Он исчез в темноте залы и неслышными шагами выскользнул за дверь. Граф снова опустился на кровать. Когда вскоре в комнату вошел слуга, Эгмонт потребовал себе письменных принадлежностей, чтобы написать королю заявление о своей преданности и просьбу не лишать его жену и детей принадлежавшего ему состояния. Надежда на помилование не оставляла его даже на эшафоте. На пути к нему, даже на самом помосте, он не переставал устремлять глаза вдаль, — через головы солдат, окружавших эшафот, и несметную толпу народа, все ожидая, что вот-вот появится желанный вестник. Но вестник не появился. И даже после принятия святого таинства Эгмонт еще не потерял надежды на помилование. Он даже спросил у капитана дона Юлиана Ромеро, сопровождавшего его вместе с епископом на эшафот: неужто и в самом деле не ждать ему помилования? И тот ответил отрицательным кивком головы. Тогда граф стиснул зубы, сжал кулаки, надвинул шапку на глаза и положил голову на плаху.

II

В одном из роскошных домов города Миддельбурга сидел в красивой комнате, перед столом, на котором горело несколько свечей в серебряном канделябре, человек, не достигший еще тридцатилетнего возраста. Он, по-видимому, был погружен в глубокую задумчивость, потому что сидел, опершись на руку головой, и его крепкая, энергичная фигура не шевелилась. Несмотря на то, что его костюм по покрою и форме был похож на тогдашний костюм старшего служителя в доме, но отличие его составлял совершенно темный цвет, не совсем соответствовавший вкусу ни господ, ни слуг, предпочитавших очень светлые и блестящие цвета. Как ни неподвижен был этот человек, но именно такая поза свидетельствовала, что на душе его было совсем не так спокойно, что оковы этого оцепенения были наложены на него тяжелыми и мрачными мыслями и что мысли эти были очень далеки от того места, в котором пребывало в настоящее время его тело. Встречаются люди, участь которых — постоянно вращаться в самых неожиданных противоречиях, самых решительных противоположностях. Судьба налагает на них самые тяжелые жертвы, давая им возможность достигнуть одной цели не иначе, как жертвуя другой, которая не менее дорога для них, которая согласуется, правда, в меньшей степени с их долгом и жизненным призванием, но тем более соответствует склонности их сердца, жару их ощущений. В таком именно состоянии и находился этот человек. «Как! — восклицал в нем внутренний голос. — Я собственными руками должен разрушить все надежды мои на высочайшее блаженство и навеки забить дверь, которая со временем могла ввести меня в рай счастья и наслаждения! Я сам должен проложить дорогу, на которой мой счастливый соперник достигнет обладания тем, что составило бы высшую отраду всей моей жизни!.. О, Мария Нуньес, мне приходится двукратно отречься от тебя, потому что я должен помогать человеку, назначенному тебе в мужья!.. А между тем я не могу поступить иначе, если не хочу изменить тому, что сделалось задачей моей жизни, стать отступником от того, к чему направлены все мои стремления, все мои усилия, все мысли и поступки!»
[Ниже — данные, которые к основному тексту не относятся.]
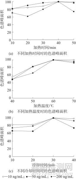 圖2 不同加熱時間、加熱溫度及冷卻時間時的色譜峰面積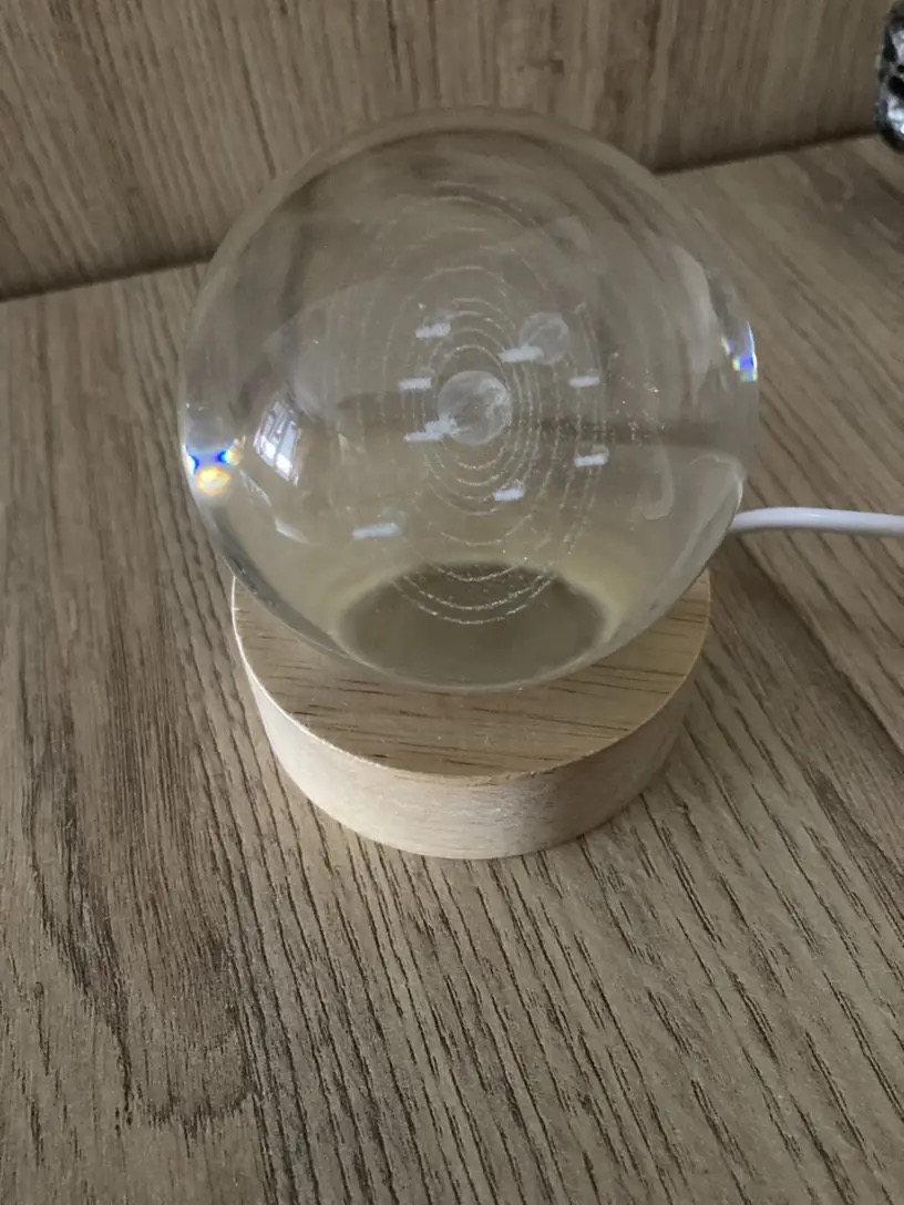 Bucură-te de armonia luminii calde și a materialelor naturale. Cu suport din lemn masiv și sferă de cristal de înaltă calitate, această lampă îmbină minimalismul cu rafinamentul. Strălucirea blândă de 3000K creează o ambianță calmă și confortabilă care te ajută să te relaxezi după o zi lungă.
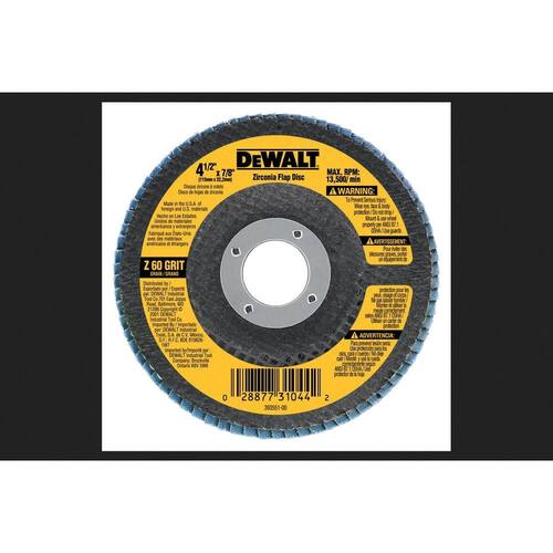 DeWALT dwa8207 60 Grit zircônia t29 aba, 4 – 1/2 pol. x 7/de da DeWALT - Zirconia grit enables 3X faster material removal than fiber resin metal sanding discs - Premium abrasive cloth provides up to 15 X longer life than fiber resin metal sanding discs - Type 29 fiberglass backing provides grinding angle of 20-25 degrees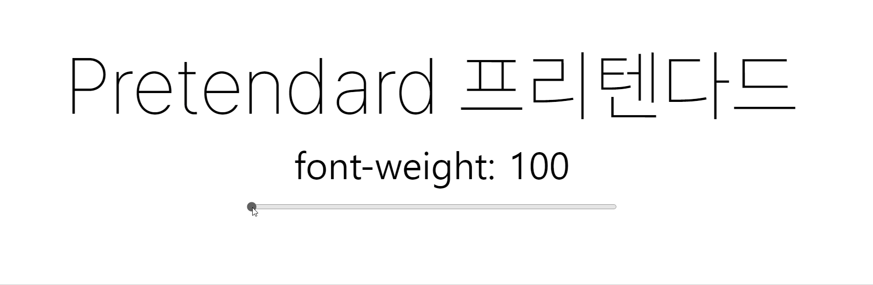 아래는 직접 가변폰트를 적용해보았다. 인풋값에 따른 font-weight 값을 변경해 본 것이다.

Внезапный шум вывел его из забытья. Слуга быстро открыл дверь комнаты и впустил хозяина этого дома — по крайней мере, теперешнего его обладателя — в великолепном полувосточном, полуиспанском платье. Наш незнакомец вскочил, отступил на несколько шагов и отвесил низкий поклон. Хозяин, по-видимому, не ожидал встретить здесь этого человека; он постоял некоторое время на пороге комнаты, с изумлением глядя на него.

— Вы здесь, Яков? — вскричал, он.

Тот, к кому обращались эти слова, снова поклонился и скромно, но с некоторым ударением, как будто хотел напомнить своему господину что-то особенное, отвечал;

— Да, дон Самуил, я вернулся несколько часов назад, исполнив поручение, которое вы удостоили возложить на меня.

Дон Самуил, как видно, понял своего слугу, ибо после этого легко вошел в комнату, приветливо кивнул Якову и приказал другим служителям подавать ужин.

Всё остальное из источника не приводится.